Abstract

The axioms for Zermelo-Fraenkel (ZF) set theory are an appealing but somewhat arbitrary-seeming assortment. A survey of the axioms does not suffice to reveal the source of their attraction. Accordingly, attempts have been made to ground ZF in principles whose appeal can be felt immediately. These attempts can be classified as follows. First, some of them propose to rest the ZF axioms directly on informal doctrine. The others propose to ground the ZF axioms in other formal axioms that can be regarded as more basic. When the latter approach is taken, ZF continues to draw on informal support, but the draft is made at a more basic level.The same research can be classified in another way, according to the informal diagnosis offered for the paradoxes of set theory.
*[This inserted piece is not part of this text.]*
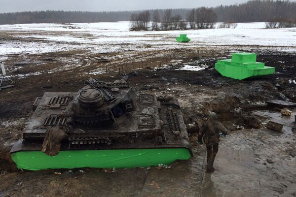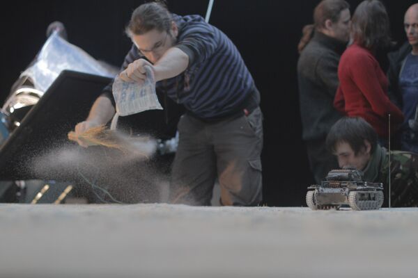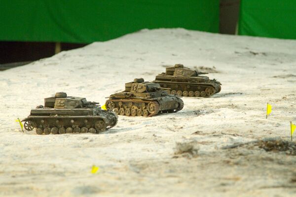 Такой подход требовал определённой техники съёмок. Для того, чтобы перемещения игрушечного танка были похожи на перемещения настоящего, необходимо было снимать его в четыре раза быстрее, а затем замедлить полученные кадры. Камеру, соответственно, нужно было перемещать в четыре раза быстрее, чем на поле, что невозможно сделать руками. Поэтому в павильонных съёмках для управления камерой операторы использовали роботизированную руку KUKA Agilus, предоставленную и запрограммированную с помощью специалистов НИИ робототехники[85]. Для съёмок крупным планом был построен полноразмерный макет танка PzKpfw IV[86], боевое отделение которого было воссоздано на «Ленфильме» как отдельная капсула на пружинах, что позволяло добиться реалистичной качки при съёмках. В настоящее время макет хранится в музее карельского перешейка в Выборге, а одна из малых моделей стала частью коллекции короля Иордании, который был заинтересован фильмом[87].
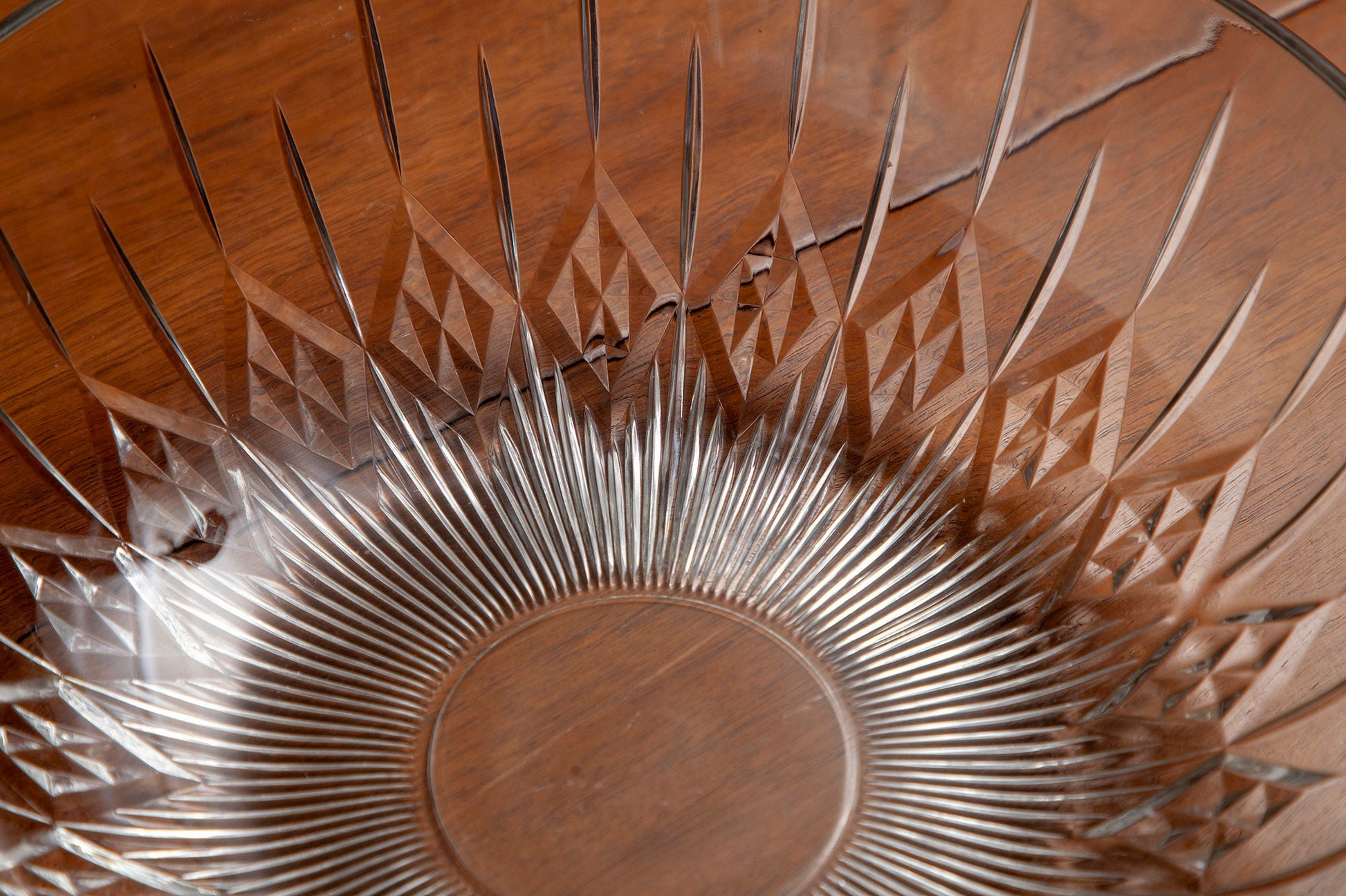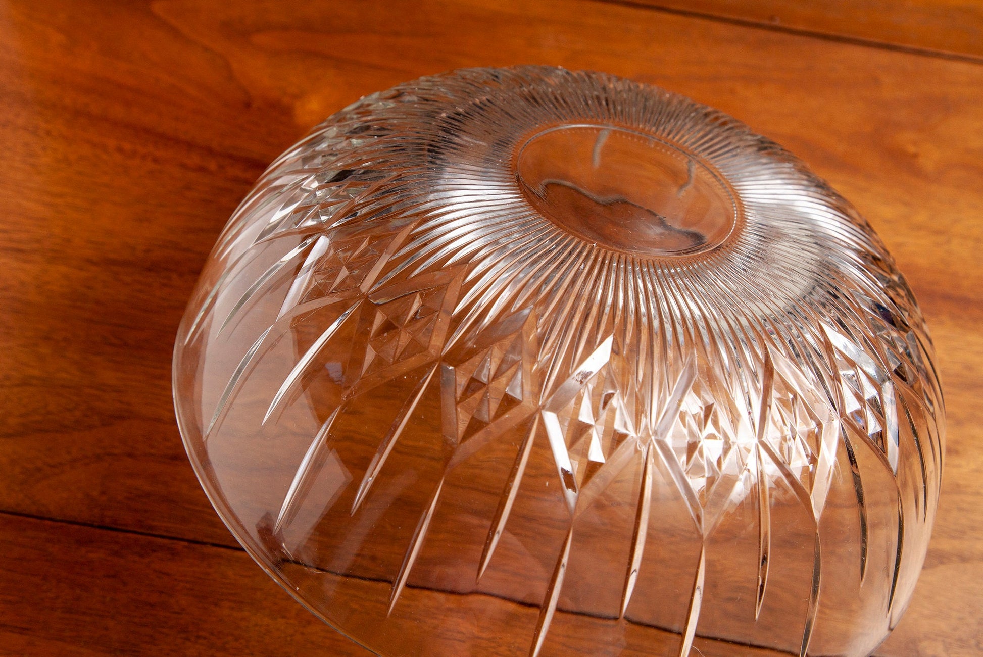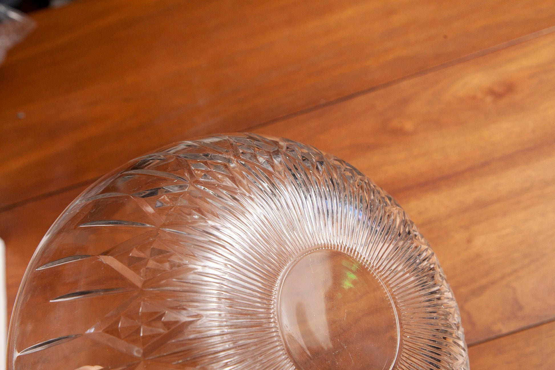 Vintage Anchor Hocking Canfield Glass Serving Bowl. Beautiful and timeless pressed clear diamond pattern with a cut base.

In some cases, the diagnosis is that the paradoxical sets (such as the Russell set) fail to exist only because they would have to be too large; a set that would be sufficiently small must always exist. This is the doctrine of limitation of size. In other cases, the diagnosis is that the paradoxical sets fail to exist only because they would have to lie too high in a certain hierarchy of sets; a set that would lie sufficiently low in the hierarchy must always exist. This is the doctrine of the hierarchy. The present paper will investigate the latter doctrine, with the doctrine of size making a brief appearance at the end.